**ACTIVITY:** Every line below from the one containing "Dominik Štros (vpravo), ředitel" through the one containing "NRS 2023 Thursday" is to be printed exactly, with the pictures omitted.

Data excerpts
----

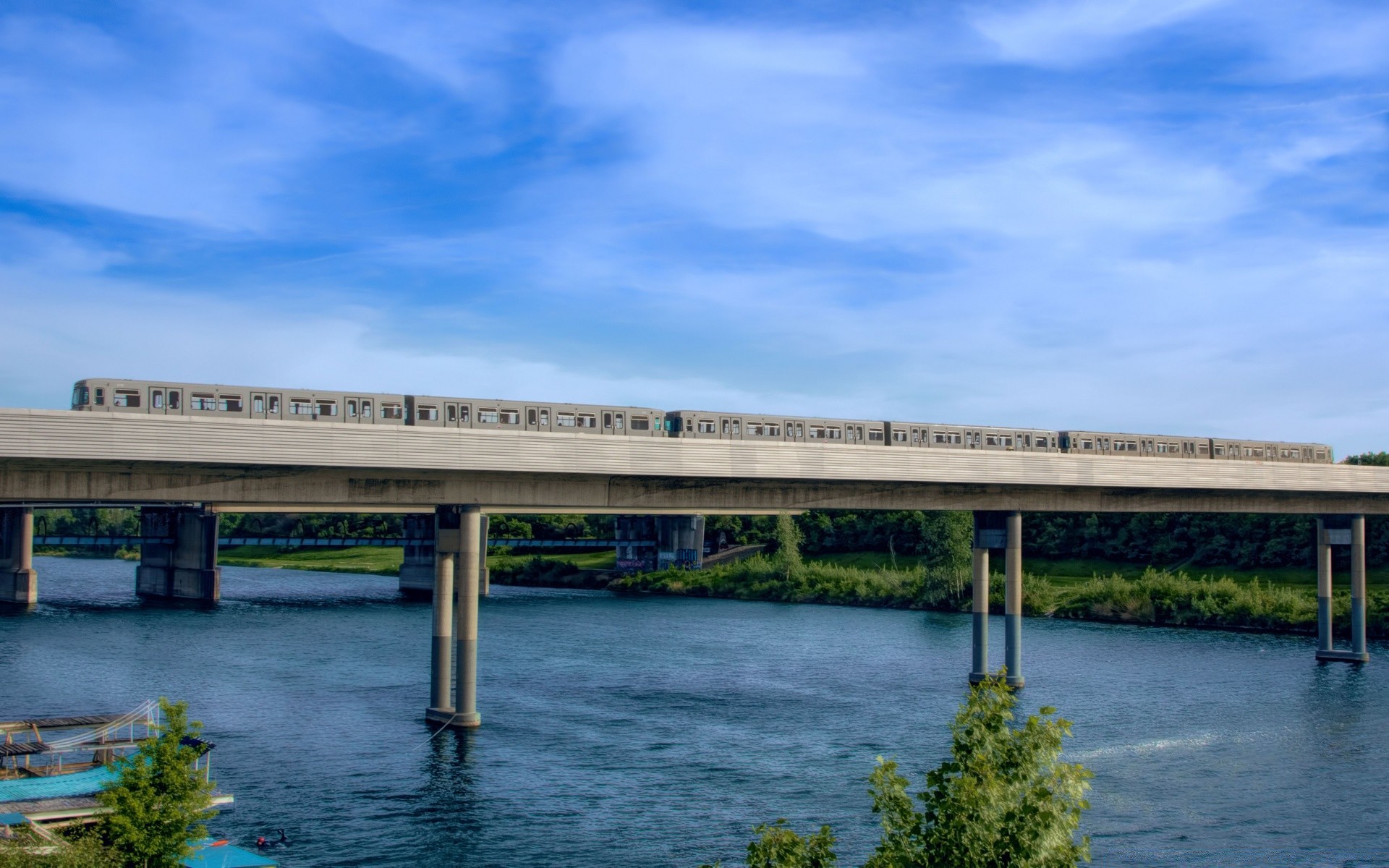 Fließen blauer Himmel über der Brücke
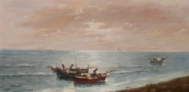 MARIANNI, A., (Italian, 20th C.): Italian Coastal Scene, OIL/C, 24'' x48'', signed and framed, 29'' x 53''. Several small patches verso. Est. $300/500**
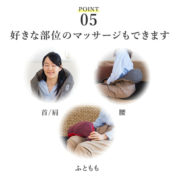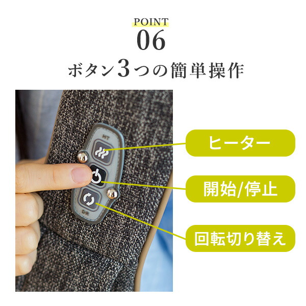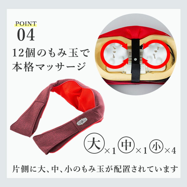 | 商品説明 | ●医療機器認証番号:230AABZX00011000 ●電気定格:AC100V 50-60Hz ●本体定格電圧:DC12V ●消費電力:17W ●オートタイマー:約20分 ●モミ回転数:約30回/分 ●電源コード長さ:約1.8m ●肩こり、腰痛、手軽に体をケアしたい方におすすめ ●体にフィットする流線形デザイン ●大・中・小の突起付きモミ玉が回転することで、首肩にフィットしてコリにアプローチ ●手動で入/切が可能なヒーター搭載 ●正転と逆転を繰り返す自動コース、手動で回転切り替えを行うことも可能 ●部位:首/肩/ふともも |
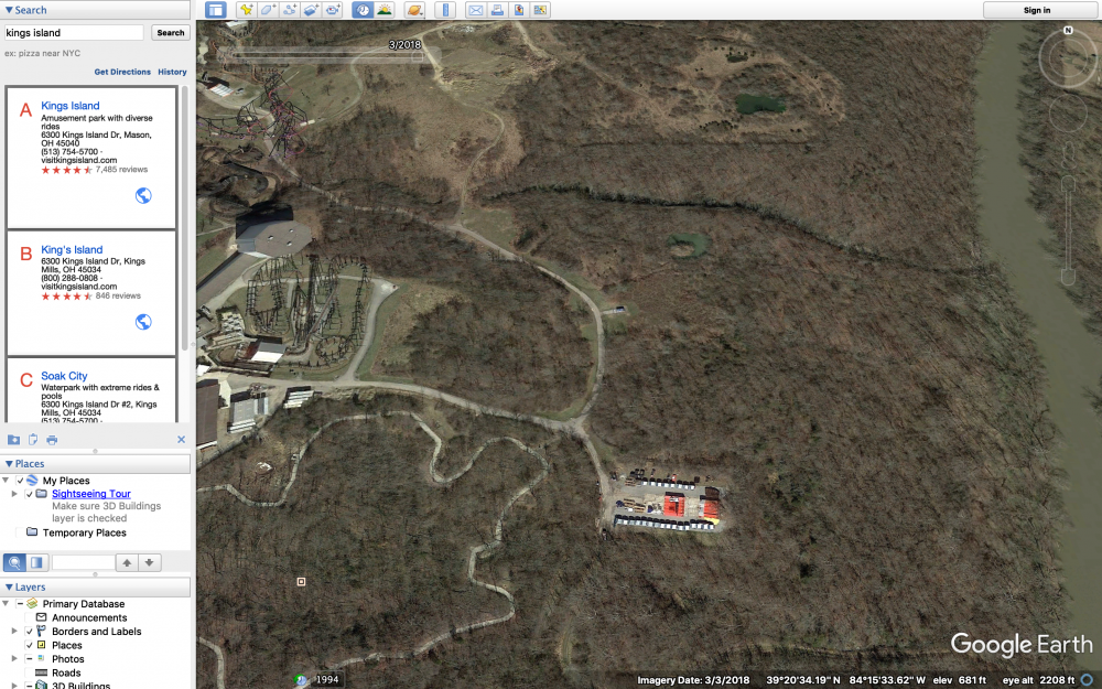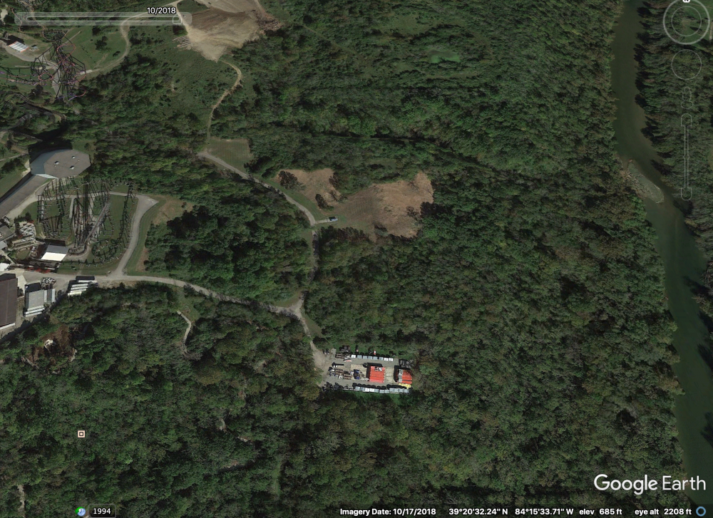 I think we also still have to consider that there is new clearing directly behind Firehawk's former location as well. The first drop of this new coaster could drop into that new clearing towards the Little Miami, then make a sharp turn left where the clearing is at SOB's former helix site and up to all of the open space behind Banshee. Something else to consider is that all of the new clearing in the former DA area could be for an X-Base expansion of some kind. Hence the possible new maintenance building to replace the old ones .
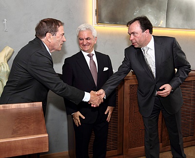 Dominik Štros (vpravo), ředitel nové pojišťovny Colonnade Insurance, vítá na slavnostní recepci u příležitosti uvedení nové značky kanadského velvyslance Otto Jelinka.
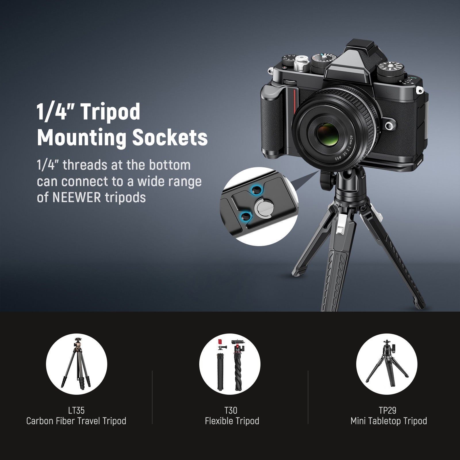 - 1/4" Tripod Mounting Sockets- 1/4" threads at the bottom can connect to a wide range of NEEWER tripods, including LT35 Carbon Fiber Travel Tripod, T30 Flexible Tripod, TP29 Mini Tabletop Tripod, and more
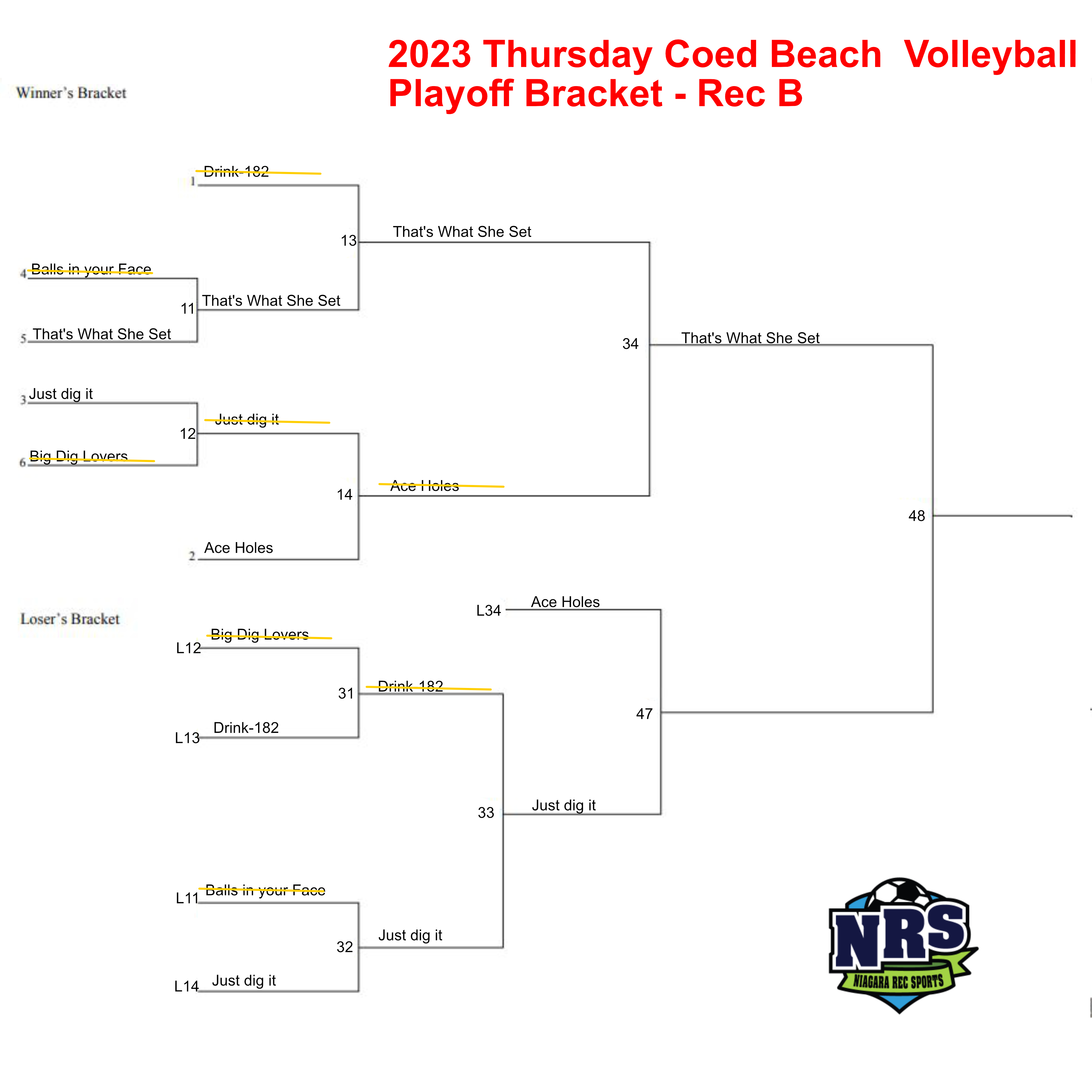 NRS 2023 Thursday 6 team Coed Beach Volleyball Playoff Bracket – Published September 11, 2023 at 3600 × 3600 in Thursday Evening Beach Volleyball Playoff Schedule
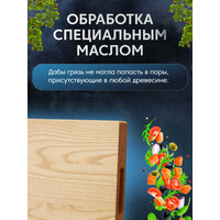сделана из центральных участков ствола дерева. Обе стороны доски годятся для использования. Благодаря идеально точному соединению деревянных фрагментов, доска лишена трещин и зазоров, в которые могла бы попасть грязь. Соответственно, ее легко мыть, и она безопасна для здоровья. Для долговечности доска покрыта органическим защитным маслом, дабы грязь не могла попасть в поры, присутствующие в любой древесине.
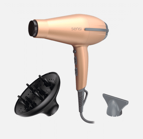 An elegant hairdryer with professional performance and ceramic coatings for a gentle effect on hair, leaving it shiny, rejuvenated, and frizz-free. Comes with a handy nozzle and diffuser case.
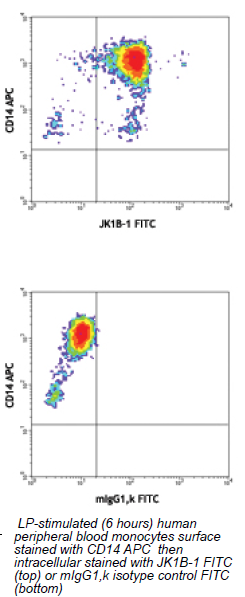Each lot of this antibody is quality control tested by intracellular immunofluorescent staining with flow cytometric analysis. Test size products are transitioning from 20 μl to 5 μl per test. Please check your vial or your CoA to find the suggested use of this reagent per million cells in 100 μl staining volume or per 100 μl of whole blood. It is recommended that the reagent be titrated for optimal performance for each application.
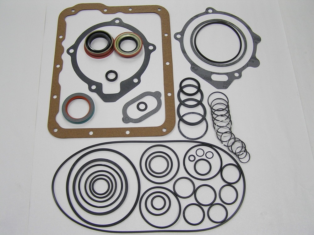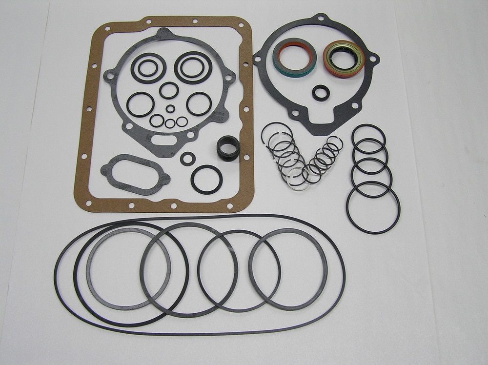 Sealing Rings Snap Rings Medal Clad Seals Seals/Gaskets To insure success when installing this pan gasket A. Clean ALL of old gasket material off.B. Peen the bolt holes i. Put the peen end of a ball peen hammer into a bolt hole on the case side of the pan rail. ii. Pound on the hammer face with a BRASS hammer until SLIGHTLY domed away from the case side of the pan rail. iii. Repeat for each bolt hole. C. Install dry (cork or composite; NEVER rubber) gasket with NO added adhesives. D. Install all bolts to finger tight. E. Tighten each bolt until the gasket just STARTS to show VERY SLIGHT deflection out from pan. F. Make sure you tighten bolts in an alternating side pattern. G. Tightening beyond this point only splits the gasket and promotes leaks. Procedure to replace manual shaft and/or kick down seal(s) Valve body AND the shift linkage must be removed to replace the manual shaft seal and/or kick done seal(s). To make that easier follow these steps: 1. After removing the pan, remove the two curved tubes that are in your way. 2. Remove the four 7/16" head bolts that hold the valve body together.
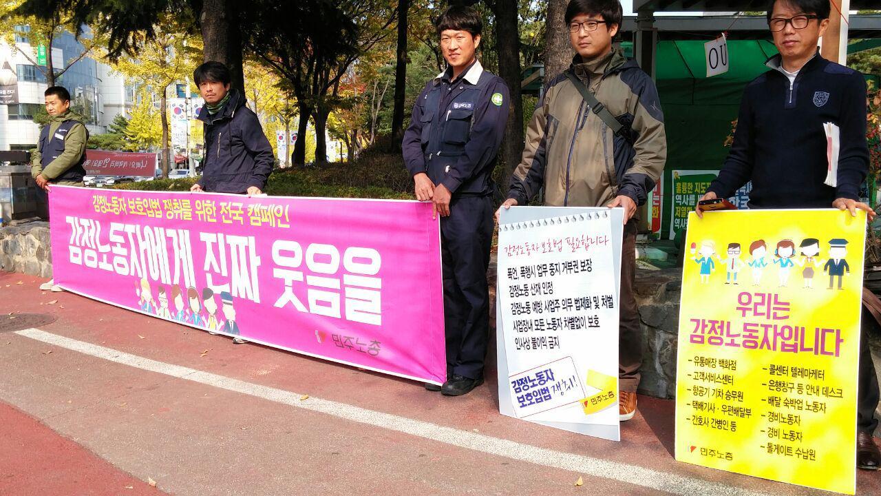 사진은 감정노동자 보호입법 쟁취를 위한 캠페인 현장을 담고 있다. 참가자들은 '감정노동자에게 진짜 웃음을'이라는 문구가 적힌 현수막과 피켓을 들고 있다. 피켓에는 유통매장, 콜센터, 은행, 항공, 택배, 간호, 경비, 톨게이트 등 다양한 직종의 감정노동자들이 언급되어 있다. 민주노총은 감정노동자 보호를 위한 법제화를 요구하고 있다.
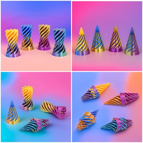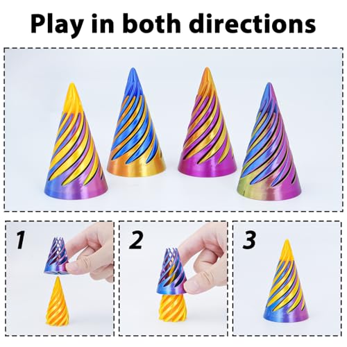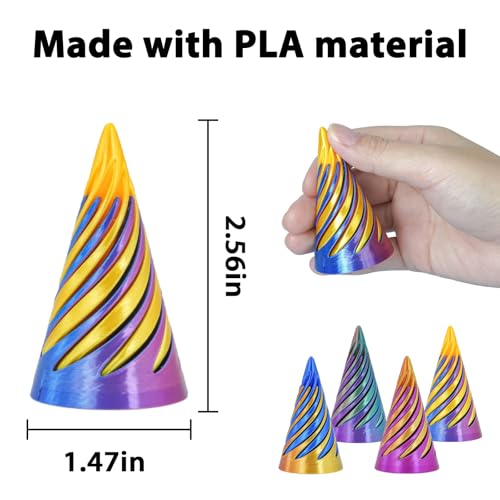 - 1. ️ مواد عالية الجودة وصديقة للبيئة مصنوعة من مادة بي ال ايه المتينة والصديقة للبيئة، تم تصميم هذه الألعاب المخروطية الحلزونية لتدوم طويلاً. تضمن تقنية الطباعة ثلاثية الأبعاد المستخدمة تفاصيل معقدة ولمسة نهائية ناعمة، مما يجعلها موثوقة وممتعة للاستخدام طويل الأمد.
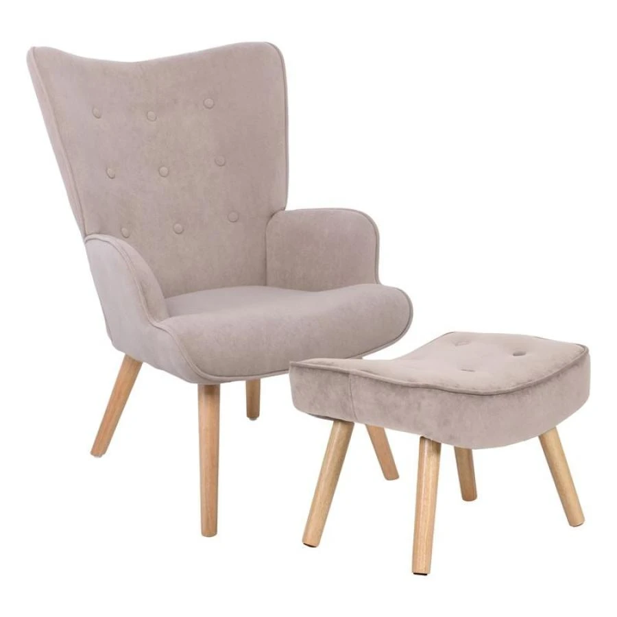 Ε7141,2 ALMA Set Πολυθρόνα + Σκαμπό Φυσικό/Ύφασμα Velure Αν.Καφέ (K/D)
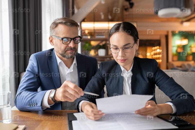 Уверенный бизнесмен указывает на контракт, в то время как его коллега-женщина читает его
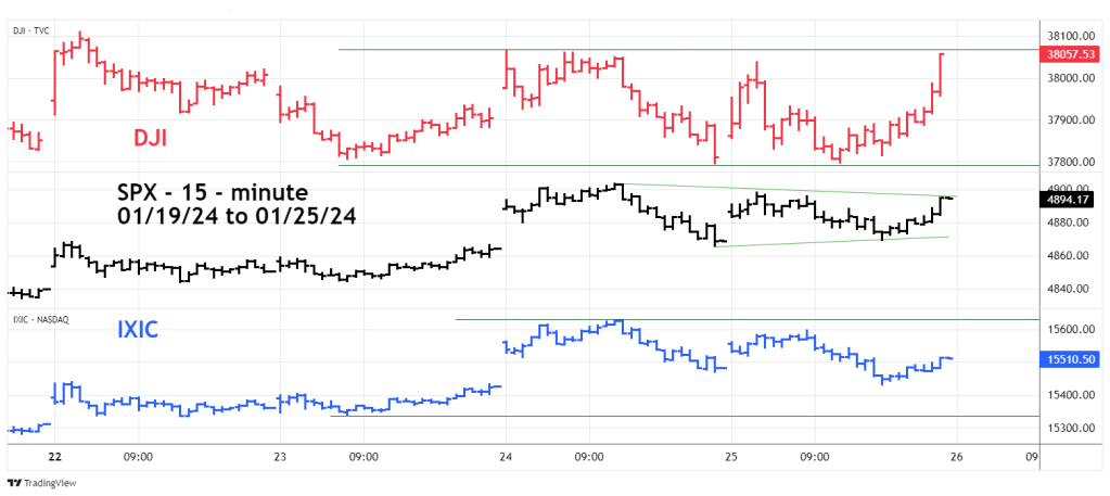 The 15 – minute chart of the Dow Jones Industrial Average (DJI), S&P 500 (SPX), and Nasdaq Composite (IXIC) courtesy of Trading View illustrates what’s been happening.
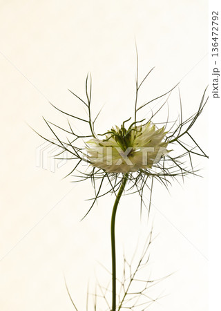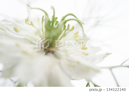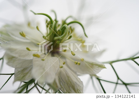 ニゲラの花をクローズアップした繊細なマクロ写真|白背景に映えるニゲラの繊細な花姿

----

**ANSWER SECTION:**
 Dominik Štros (vpravo), ředitel nové pojišťovny Colonnade Insurance, vítá na slavnostní recepci u příležitosti uvedení nové značky kanadského velvyslance Otto Jelinka.
 - 1/4" Tripod Mounting Sockets- 1/4" threads at the bottom can connect to a wide range of NEEWER tripods, including LT35 Carbon Fiber Travel Tripod, T30 Flexible Tripod, TP29 Mini Tabletop Tripod, and more
 NRS 2023 Thursday 6 team Coed Beach Volleyball Playoff Bracket – Published September 11, 2023 at 3600 × 3600 in Thursday Evening Beach Volleyball Playoff Schedule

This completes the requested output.